1.1 Lefier is de rechtsopvolger van Stichting IN (hierna: IN) te Groningen.
1.2 IN en Woonzorg hebben op 6 december 2002 een huurovereenkomst in de zin van artikel 7:230 BW gesloten voor de duur van drie jaar met betrekking tot de onroerende zaak aan de Populierenlaan 1 te Groningen (hierna: Hunzerheem). Woonzorg mocht het gehuurde onderverhuren aan de Prof. Heymansstichting. Met ingang van 5 december 2005 is de huurovereenkomst steeds voor een jaar verlengd. Hunzerheem werd gebruikt voor het huisvesten van ouderen en het verlenen van diensten aan ouderen.
1.3 IN heeft de huurovereenkomst bij brief van 5 december 2006 opgezegd met als opleverdatum 'rond 01 september 2008 of zoveel eerder als mogelijk is'. Woonzorg is in haar brief van 4 januari 2007 met de opzegging akkoord gegaan. Zij heeft daarbij opgemerkt dat oplevering behoudens calamiteiten uiterlijk eind december 2008 zou kunnen plaats vinden. De brief van Woonzorg is ondertekend door de heer G. Verduijn, directeur Business Unit Vastgoed van Woonzorg. Onder aan deze brief staat vermeld dat een kopie van de brief is gezonden aan [naam], regiomanager van Woonzorg (hierna: [regiomanager]), en de heer [naam], accountmanager bij Woonzorg (hierna: [accountmanager]).

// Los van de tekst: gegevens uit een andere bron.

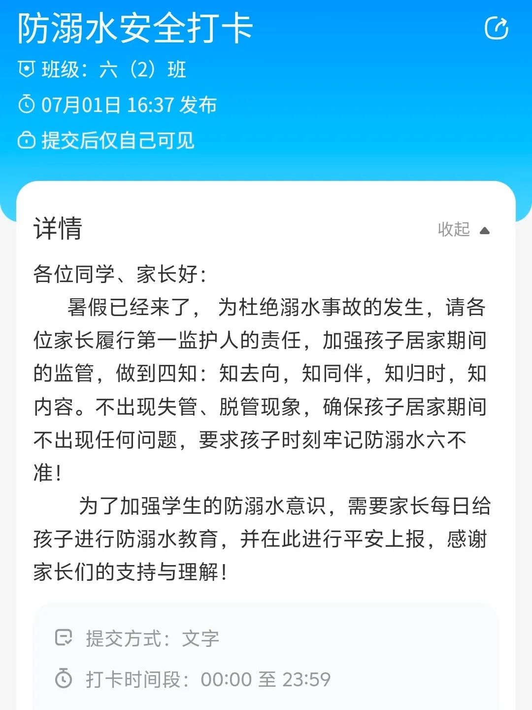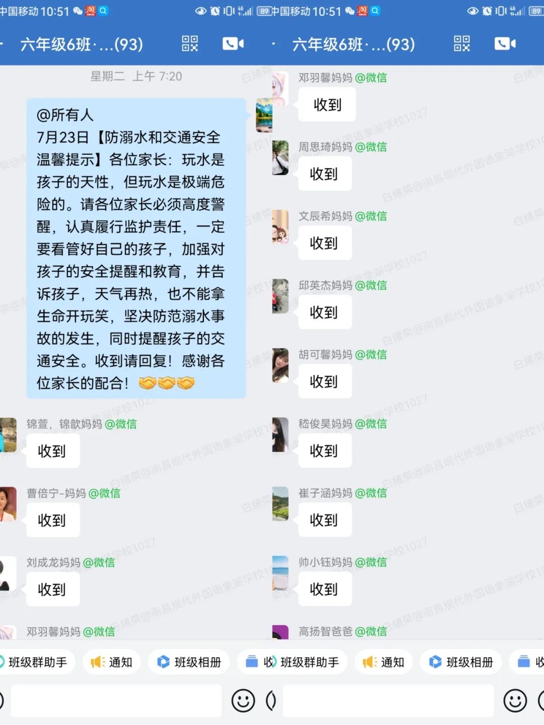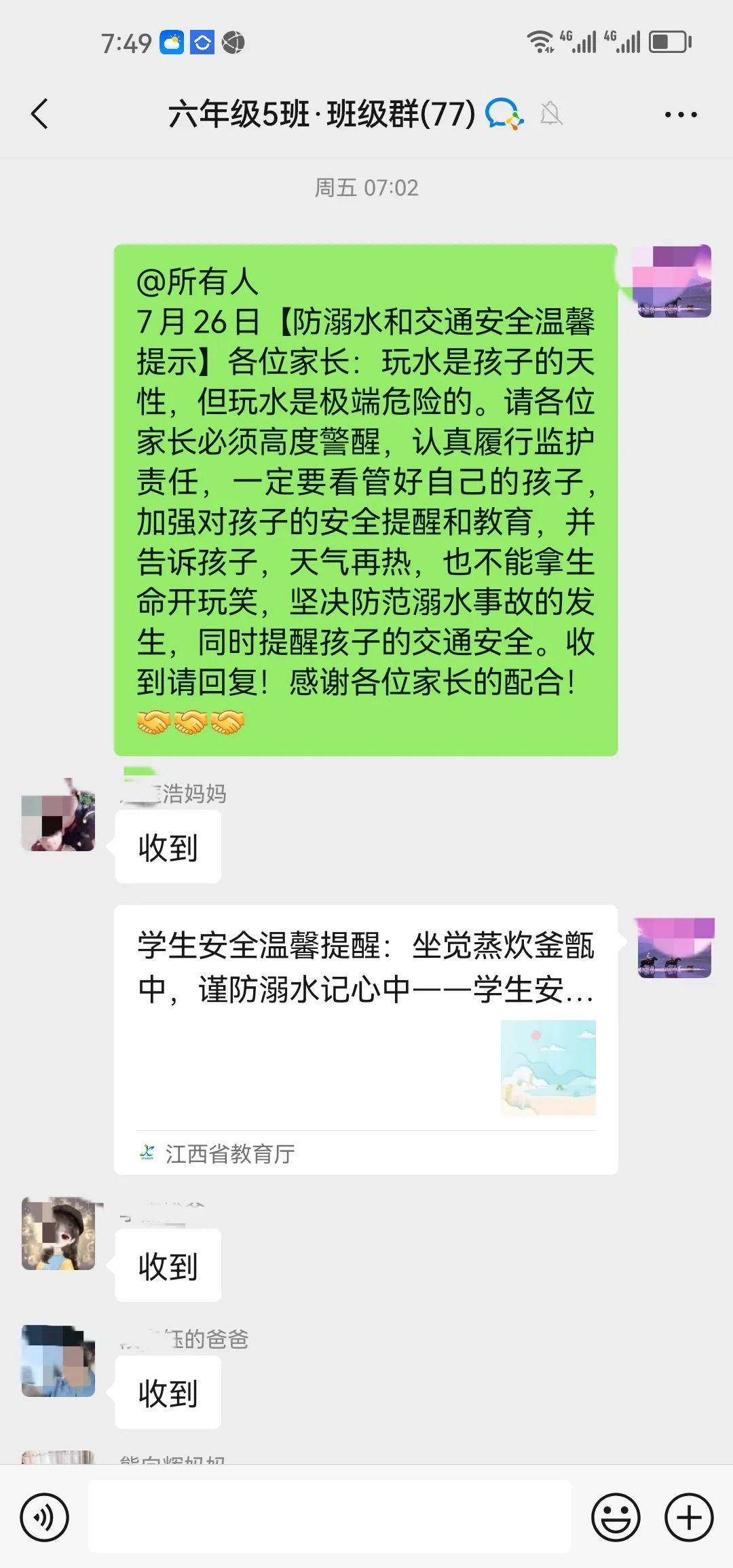 通過家長(zhǎng)群班主任每周推送防溺水信息,每日進(jìn)行防溺水問詢。讓家長(zhǎng)和孩子時(shí)刻提高警惕,懂得對(duì)孩子的防溺水教育不能松懈。

1.4 [accountmanager] heeft in een e-mail van 13 juni 2007 aan IN te kennen gegeven dat de Prof. Heymansstichting Hunzerheem zou willen gebruiken voor tijdelijke huisvesting van bewoners van Erasmusheem te Haren en dat het Woonzorg een groot genoegen zou zijn om het gebouw Hunzerheem langer te mogen huren.
1.5 Op 29 juni 2007 heeft er met betrekking tot Hunzerheem een bespreking plaats gevonden tussen medewerkers van IN, onder wie [naam], directeur van IN (hierna: [directeur van IN]) en [naam], medewerker onroerend goed van IN (hierna: [medewerker onroerend goed van IN]) en [accountmanager] namens Woonzorg. Niet staat vast of nog andere medewerkers van Woonzorg bij deze bijeenkomst aanwezig waren.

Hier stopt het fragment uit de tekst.